The goal of this collection of eight case studies is to look at how governments are beginning to “get smarter” about using their own data. By comparing the ways in which they have chosen to collaborate with researchers and make often sensitive data usable to government employees and researchers in ethical and responsible ways, we hope to increase our understanding of what is required to be able to make better use of administrative data including the governance structures, technology infrastructure and key personnel. The hope is to enable other public institutions to know what is required to be able to make better use of administrative data. What follows is a summary of the learnings from those case studies. We start with an articulation of the value proposition for greater use of administrative data followed by the key learnings and the case studies themselves.

Evidence-based Decision-Making in the United States: Benefiting from Administrative Data Use

Over the years, administrative data has served as evidence for many academic research projects studying, for instance, the impact of simplifying the college financial aid process on access to education² or the influence of housing vouchers programs on moves to lower-poverty neighborhoods³. Apart from its use in academic research, administrative data has also been used by government agencies themselves to evaluate program effectiveness and target interventions in a more impactful manner. There are several examples of government agencies in the United States who use administrative data such as the Center for Medicare and Medicaid Services (CMS) who use hospital billing and payment data to improve service delivery and to reduce costs.⁴ In fact, CMS and the Department of Housing and Urban Development (HUD) are collaborating to combine their administrative data to study the impact of housing assistance on health care utilization especially on low-income senior citizens.⁵

In 2016, following a bipartisan call to “improve the evidence available for making decisions about government programs and policies,” Congress established the Commission on Evidence-based Policymaking. Earlier this year, the Commission submitted its final report, detailing a number of recommendations to strengthen government’s ability to make use of its own data and highlighting the challenges government agencies face in trying to do so. The report calls for, among other things, a review of the relevant statutes and laws in order to allow statistical uses of administrative data while also ensuring stringent privacy protections for such data.

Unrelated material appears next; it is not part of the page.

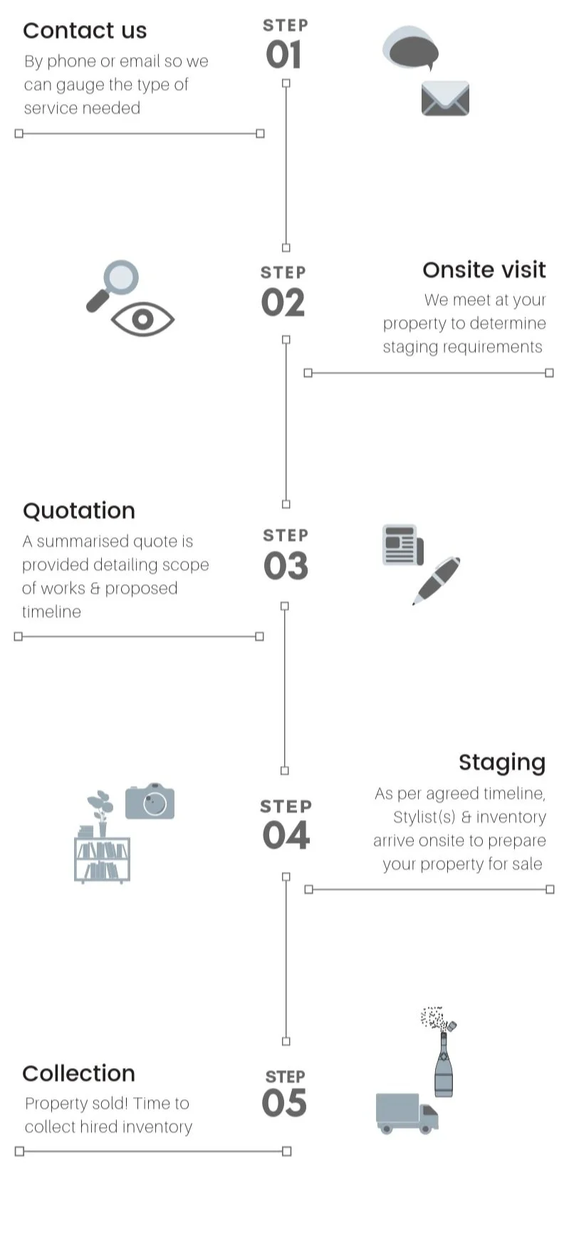In addition to communicating with you, we collaborate with your agent to determine target markets & prospective buyer motivations. With this in mind, we style your home to its greatest potential to maximise sale price.
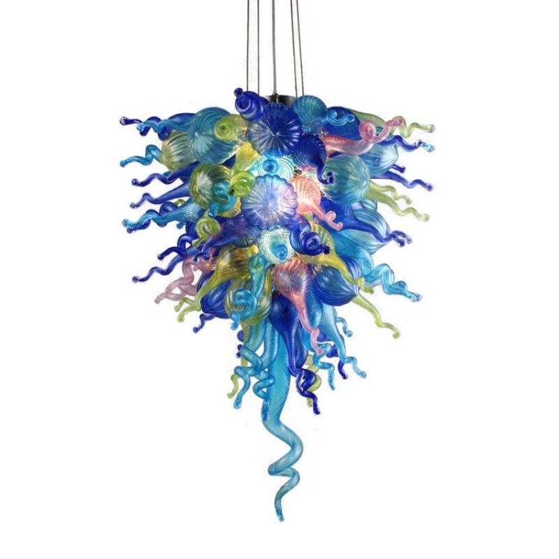 The majestic arms of this piece flow beautifully in a curling from top to bottom of the frame, spinning and wrapping the piece flawlessly. The striking, fantasy feel of this piece would add the perfect touch to a room that is in need of a pop of color or a huge statement piece set to transform a space into something totally different. Its smooth, handcrafted glass of multicolored head is sure to draw eyes and inquiries for years to come. At Alan Mizrahi Lighting Design, we supply and manufacture many highly sought after designer pieces, so if there is any designer fixture you are intrigued by or have your heart set on, let us know. By expanding to online marketplaces, we are able to bring you our brand and services locally and globally with unlimited access to our array of pieces 24-hour of day, 7 days a week, as well as aiming to make the purchase process fun and effortless for you. Enchant your guests with this purple, Blue Shades and mix color toned lighting fixture.

But even before the Commission started its work, several initiatives in the United States, both within government agencies as well as outside, have been focused on bringing more evidence-based decision making into government. They provide several services to the end of helping government make use of its own data to improve programs and policies in the public interest. These services include improving the quality of the data by cleaning and integrating datasets from several agencies, as well as providing evaluation services to gain insights from the data that can eventually lead to action. To undertake this work of making data usable while protecting privacy, several governments have turned to the use of so-called “data labs.”

What are Data Labs?

“Data Labs” or “Policy Labs” are institutions with small groups of data analysts working inside or in tandem with government agencies to make administrative data more usable for evaluation and research. And while organizations vary widely in their implementation, they have all developed models to tap into the skills of highly talented data analysts and to access valuable government datasets responsibly. Each model comprises all or some of the following elements:

  1. Infrastructure to share and/or house data securely;
  2. Full-time or part-time employees with the skills to integrate data-sets from various sources and use the data for analysis.
  3. Governance rules to determine who has access to the data, and under what conditions;
  4. Contracts in place to institutionalize those governance rules;
  5. Statistical and research methods which are iteratively improved to generate more useful insights — including methods to define the problem as well as data science approaches.
  6. Well-defined data responsibility principles, processes and tools to share, analyze and use data responsibly and ethically and to share insights from the analysis without harming individuals or groups.

Methodology

In consultation with program staff at the Laura and John Arnold Foundation and the Alfred P. Sloan Foundation, both funders that support initiatives which promote evidence-based decision-making in the United States, we identified a number of domestic labs that are involved in data-driven policy making to complement earlier research we conducted for the NHS about the UK Ministry of Justice Data Lab created by New Philanthropy Capital. Although there are many more than we could document, we attempted to cover examples from different geographic regions and to include range of models (such as those completely internal to government, others wholly external, some university-government partnerships and some which cater to the social sector rather than just to government).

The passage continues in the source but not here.